The Greensboro Jewish Federation will offer up to five scholarships of up to $2,000 to assist with travel expenses.

The scholarship was established by the Brenners family to foster greater understanding by non-Jewish students of Jewish issues, particularly the Holocaust by providing scholarships for educational programs.

Marilyn Chandler, executive director of the Greensboro Jewish Federation, said, “We are very excited about making this opportunity available to college students who are interested in furthering their understanding of the Holocaust.”

The study-abroad program sponsored by Appalachian’s Center for Judaic, Holocaust and Peace Studies is led by Dr. Rennie Brantz from the Department of History and co-director of the center. The program takes students to Austria, France and Germany where they tour sites related to the Holocaust.

Chandler believes the program and the scholarship will help students “have an exceptional overseas experience pertaining to the Holocaust.”

Appalachian has offered a Holocaust study-abroad experience for more than a dozen years. This year’s program runs from May 11 to June 6, during which students earn six hours of academic credit. The application for the scholarship is available online at holocaust.appstate.edu/course-offerings/study-abroad.

The late Abraham “Abe” Brenner was a life-long resident of Winston-Salem. He and his brothers established an iron and metal company that evolved into a conglomerate known as the Brenner Companies. The brothers also established The Brenner Foundation which supports Brenner Children’s Hospital, an affiliate of Wake Forest Baptist Medical Center in Winston-Salem.

Miriam Prystowsky Brenner, who resides in Winston-Salem, is active with Temple Emanuel as well as the Jewish Federations of North America campaign for Israel.

The Greensboro Jewish Federation is dedicated to strengthening, supporting and enriching Greensboro Jewish communal life and the lives of Jews in need throughout the world. The federation, established in 1940, is one of the leading federations in North America. It provides leadership, financial and programming resources for the local Jewish community. The federation also funds Greensboro community organizations and coordinates interfaith programming. For more information about the federation, visit http://www.shalomgreensboro.org.

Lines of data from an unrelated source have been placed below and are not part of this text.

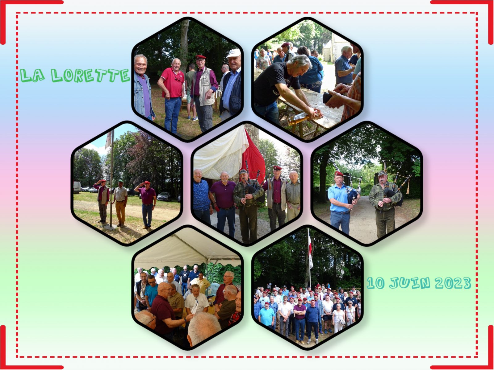12H00 Christian et André sonne le rassemblement devant le mât des couleurs. Bérets vissés sur la tête, le carré est réalisé. Nos épouses et compagnes se sont jointes à nous. Comme tous les ans le maire de la commune, monsieur Didier Leroy a répondu à notre invitation. André avec son clairon accentue le côté cérémonial de ce rassemblement. Une belle Marseillaise chantée à capella est entonnée par les parachutistes et participants. Un mot de remerciement est adressé à monsieur le Maire ainsi qu’à notre amie Annie, présidente de l’association » Les Amis de la Lorette « .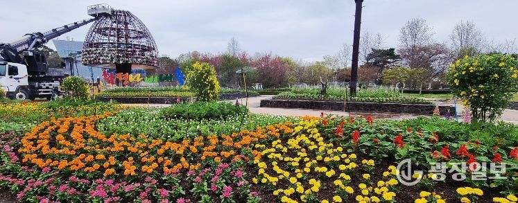 광장일보 주재영 기자 | 전남 함평군이 대한민국 대표 봄 축제인 나비대축제 개막을 앞두고 함평엑스포공원에 대형 꽃탑을 설치해 이목을 끈다.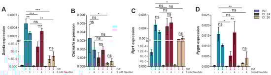We previously observed that exogenous N-acetylneuraminic acid (Neu5Ac) supplementation during the differentiation process had a positive effect on sialylation and myotube formation in C2C12 GneKO cells, while it negatively impacted wild-type differentiation [11]. Therefore, the next step was to evaluate the effects of Neu5Ac supplementation on gene expression to see whether impaired gene expression can be rescued by artificial sialylation of the cells. Noteworthy, excess Neu5Ac tended to negatively affect Scn4a, Cacna1s, Ryr1, and Pygm expression in wild-type myotubes. However, GneKO clone #24 showed a positive response to Neu5Ac, while the effects were less pronounced in clone #26 (Figure 5).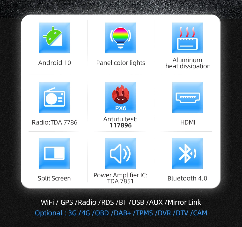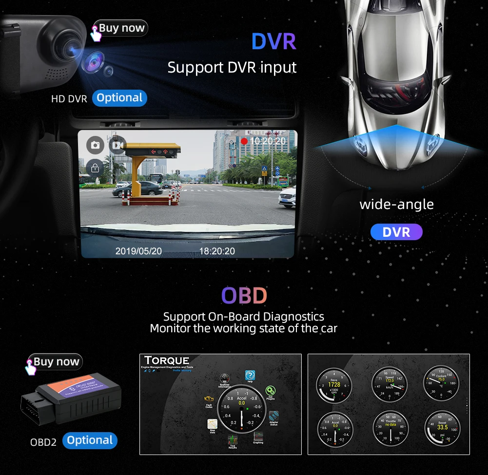 OBD/DAB/3G/4GSupport(OBD scanner,DAB box,(3G/4G dongle optional)
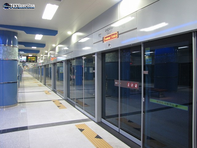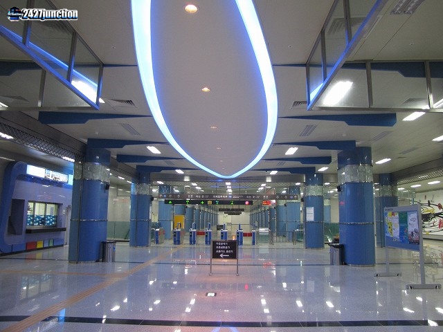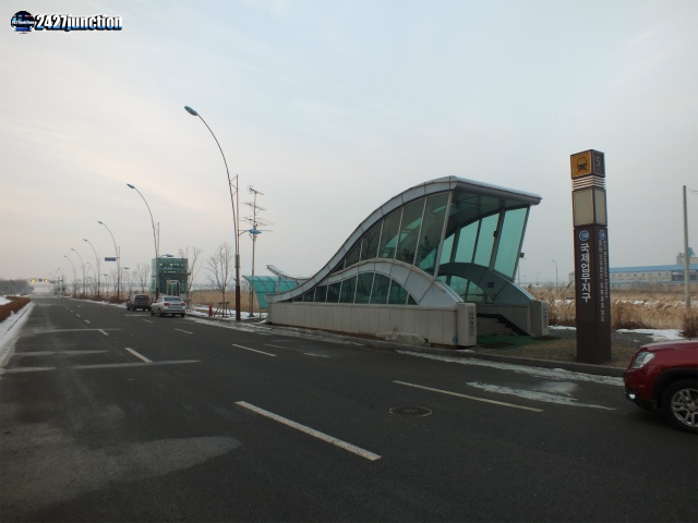| 2009年6月30日に東幕〜国際業務地区 間が延伸開業した、仁川都市鉄道(仁川地下鉄)1号線。その延伸区間の終着駅、国際業務地区(クッチェオンムジグ)は開業当初、工事現場の真ん中に位置し、駅から出ても全く公道に接続しておらず、どこにも行くことが出来ない駅であった。当時の1日平均乗車人員は200名強で、大半が周辺地域の工事関係者の利用と思われる。 2012年には当駅のホームにて、PSYの「GANGNAM STYLE」(江南スタイル)のPV撮影が行われた。 ここでは、2009年8月の駅周辺の様子を紹介する。また、駅前道路や周辺のビルの建設が完了した2013年1月時点の様子も併せて紹介する。 |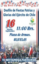 El día viernes 16 de septiembre, a las 11:00 Hrs., se realizará en la Plaza de Armas de la comuna de Hijuelas , el Desfile de Fiestas Patrias en Honor a las Glorias del Ejército de Chile.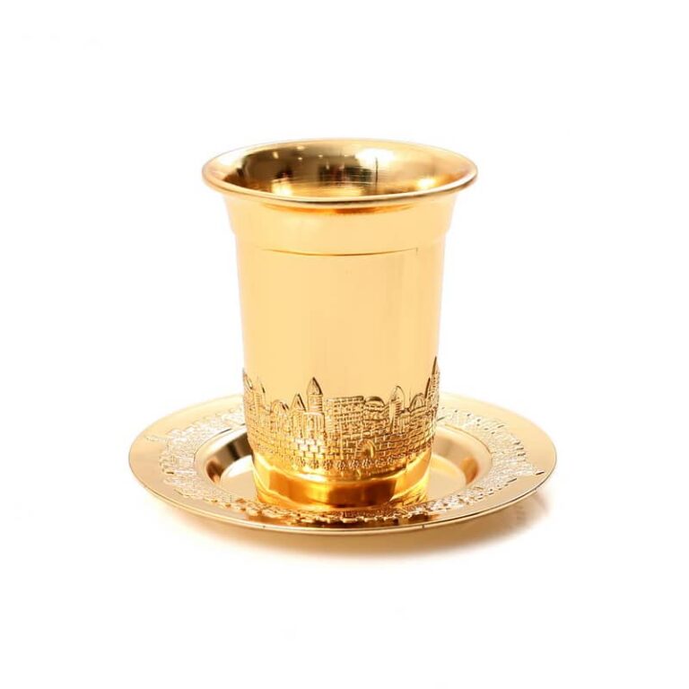 GOLD PLATED JERUSALEM KIDUSH CUP WITH SAUCER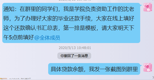为进一步做好生源地贷款学生的贷后管理工作,规范国家助学贷款贷后管理程序,促进我院国家助学贷款工作持续、健康发展,我院于近期按照学校下发的毕业生生源地贷款确认方案进行了具体的工作安排:本周内成立了以学院书记、副书记领导、辅导员、资助负责老师为主力的工作小组,责任细化到个人;建立了2020届学院毕业生生源地贷款确认QQ群,资助负责老师汇总毕业确认所需信息,对全院所有已贷款的毕业生名单进行细致核对,排查出5名非本院毕业生并已上报到校资助中心。下周计划是我院会采取网上培训的方式,让需还款的毕业生熟知还款流程和操作过程;收集学生电子版的毕业还款确认书;辅导员会对每一位要办理还款手续的毕业生进行诚信教育谈话,让学生了解毕业后及时还款的重要性。(供稿人:沈思)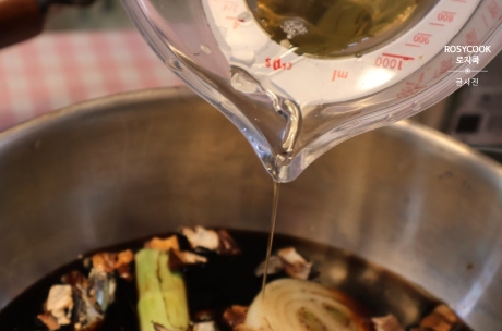 16. 냉동실에 보관해둔 육수를 부어줍니다.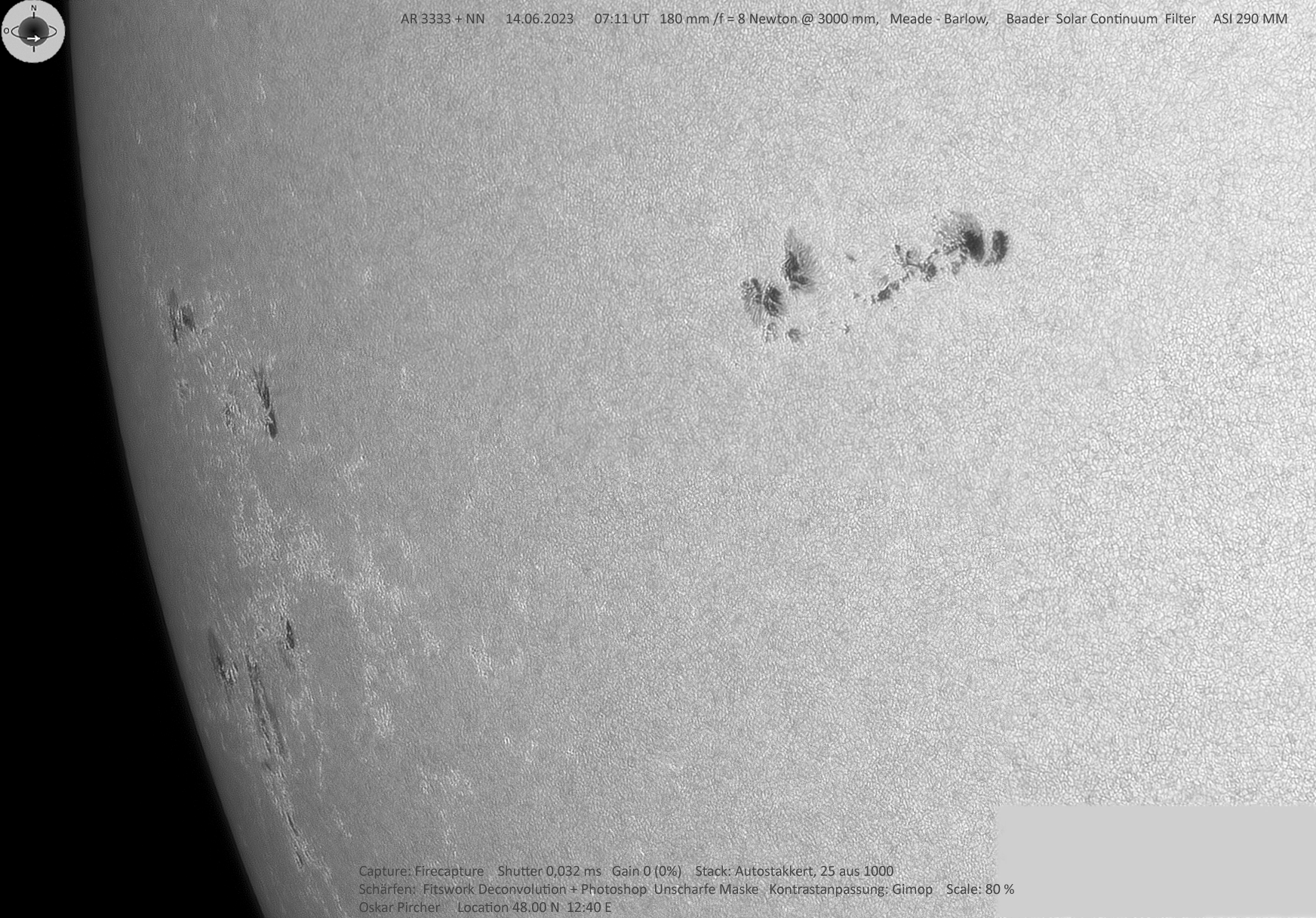 | Kamera | ASI 290 MM mit Baader Solar Continuum Filter |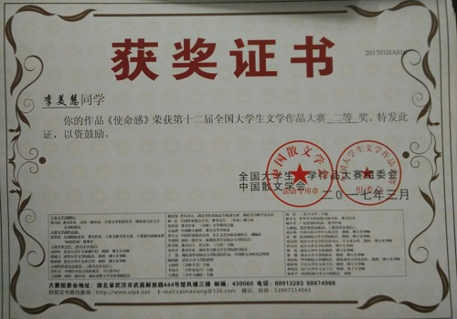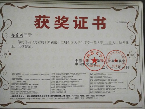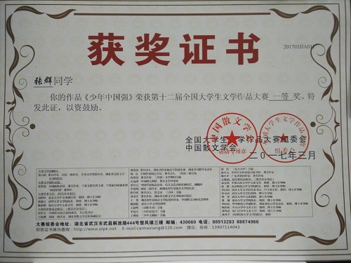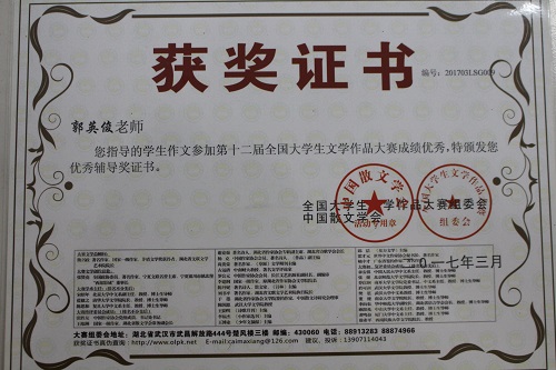 在近日举行的第十二届全国大学生文学作品大赛中,永利yl23411集团官网文传学院积极组织学生参赛,上报了21份作品,经大赛阅卷老师初评、值班评委复评、作家团终审评定,有17篇作品喜获佳绩。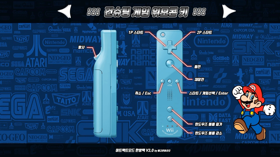 건슈팅 테마는 말 그대로 건슈팅 게임을 위한 테마인데요. 비싼 건콘이나 비교적 저렴한 위모컨을 이용하여 동시 2인용이 가능토록 세팅해보았습니다. 대형 오락실에서나 할수 있었던 건콘게임을 집에서 둘이서 즐길수 있다는게 큰 메리트가 아닐까 합니다.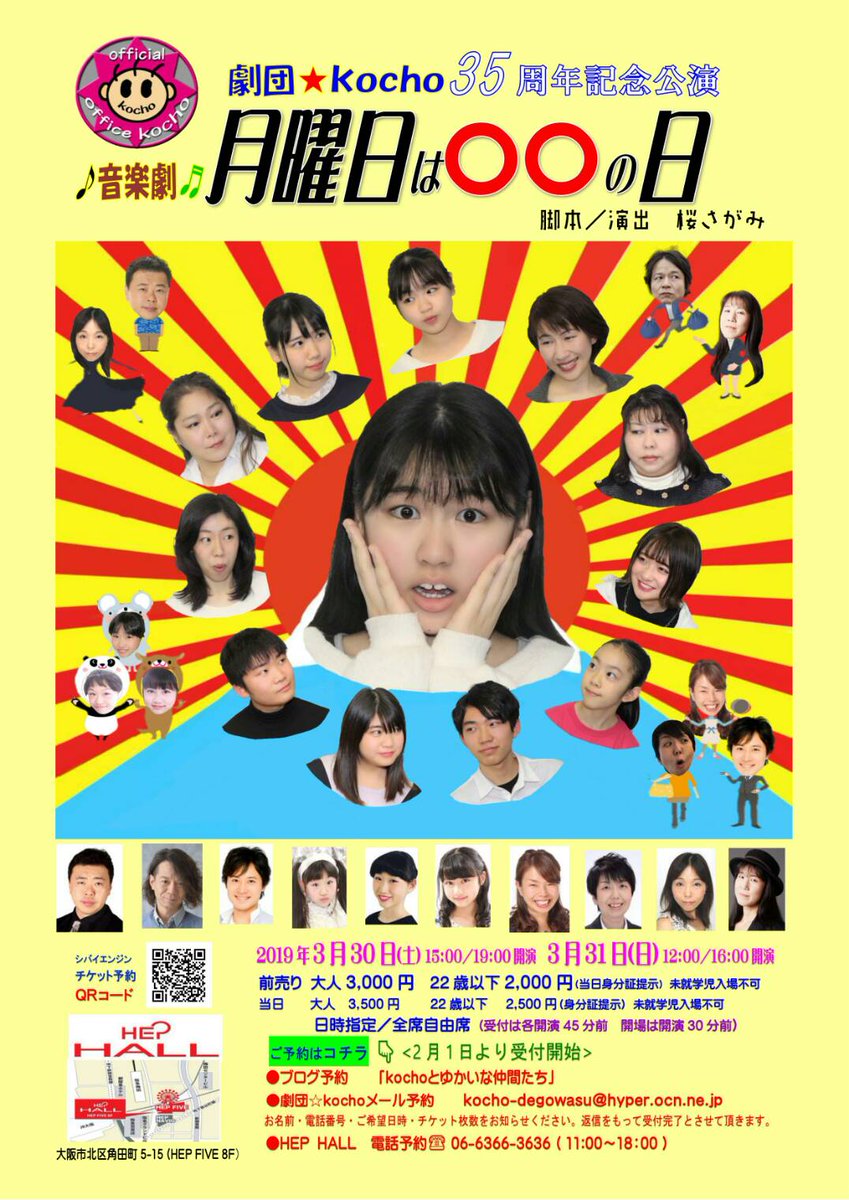 27. 劇団★kocho35周年記念公演 「音楽劇 月曜日は○○の日」 2019年3月30日(土) 15:00/19:00 31日(日) 12:00/16:00 HEP HALL 大阪市北区角田町5… https://t.co/sYTxSp25Xn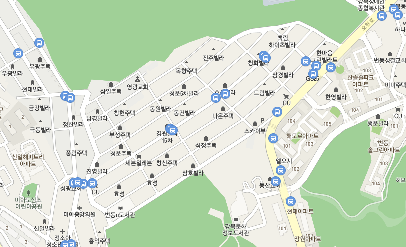 그리고 표시하는 것을 깜빡했는데, 빨간색 원 오른쪽 아래쪽으로 남경빌라 근처에 파란색 삼각형이 있습니다. 거기가 '노을집'이라는 번동 협소주택이 생긴 곳입니다.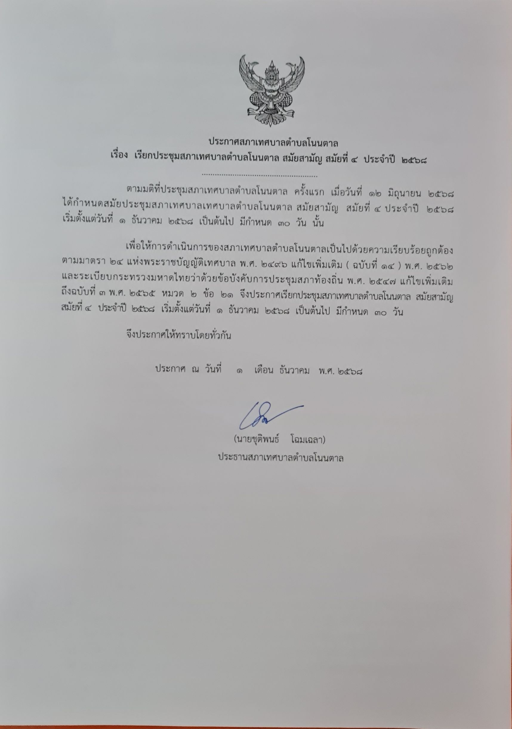 เรียกประชุมสภาเทศบาลตำบลโนนตาล สมัยสามัญ สมัยที่4 ประจำปี 2568

Appalachian’s Center for Judaic, Holocaust and Peace Studies was founded in 2002 to develop educational opportunities for students, teachers and the community. The center seeks to strengthen tolerance, understanding, and remembrance by increasing the knowledge of Jewish culture and history, teaching the history and meaning of the Holocaust, and using these experiences to explore peaceful avenues for human improvement and the prevention of future genocides. It annually sponsors the Martin & Doris Rosen Symposium on Remembering the Holocaust: A Summer Symposium for Educators and the Community.